[Data shown Boundary: Start]

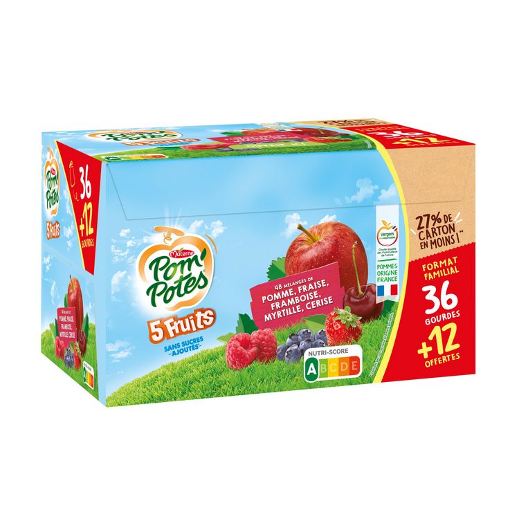 1,2,3,4 ... 5 fruits pour faire le plein de saveurs ! Découvrez la gamme Pom'Potes® 5 Fruits, des gourdes au goût intense à emporter partout ! Pom'Potes® 5 Fruits, c'est aussi : • Des recettes sans sucres ajoutés* et sans arôme artificiel • Une gourde Pom'Potes® correspond à 1 des 5 portions de fruits et légumes recommandées quotidiennement * Contient des sucres naturellement présents
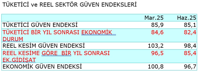 - Reel kesim güven endeksi, geçen sene Haziran ayında güven sınırı üstünde 103,2 iken bu sene Haziran ayında güven sınırı altına düştü 98,4’e geriledi.
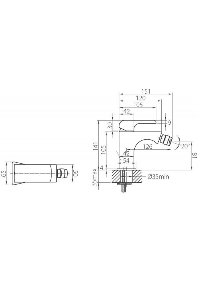cartus ceramic• montare cu un singur orificiu• ventil automat de scurgere G1¼• regulator debit M24x1 cu articulatie sferica• racord flexibil G3/8- M10x1• crom

[Data shown Boundary: End]

- **The problem**
Transcribe all lines above exactly, skipping pictures.

- **Solution to this exercise**
 1,2,3,4 ... 5 fruits pour faire le plein de saveurs ! Découvrez la gamme Pom'Potes® 5 Fruits, des gourdes au goût intense à emporter partout ! Pom'Potes® 5 Fruits, c'est aussi : • Des recettes sans sucres ajoutés* et sans arôme artificiel • Une gourde Pom'Potes® correspond à 1 des 5 portions de fruits et légumes recommandées quotidiennement * Contient des sucres naturellement présents
 - Reel kesim güven endeksi, geçen sene Haziran ayında güven sınırı üstünde 103,2 iken bu sene Haziran ayında güven sınırı altına düştü 98,4’e geriledi.
cartus ceramic• montare cu un singur orificiu• ventil automat de scurgere G1¼• regulator debit M24x1 cu articulatie sferica• racord flexibil G3/8- M10x1• crom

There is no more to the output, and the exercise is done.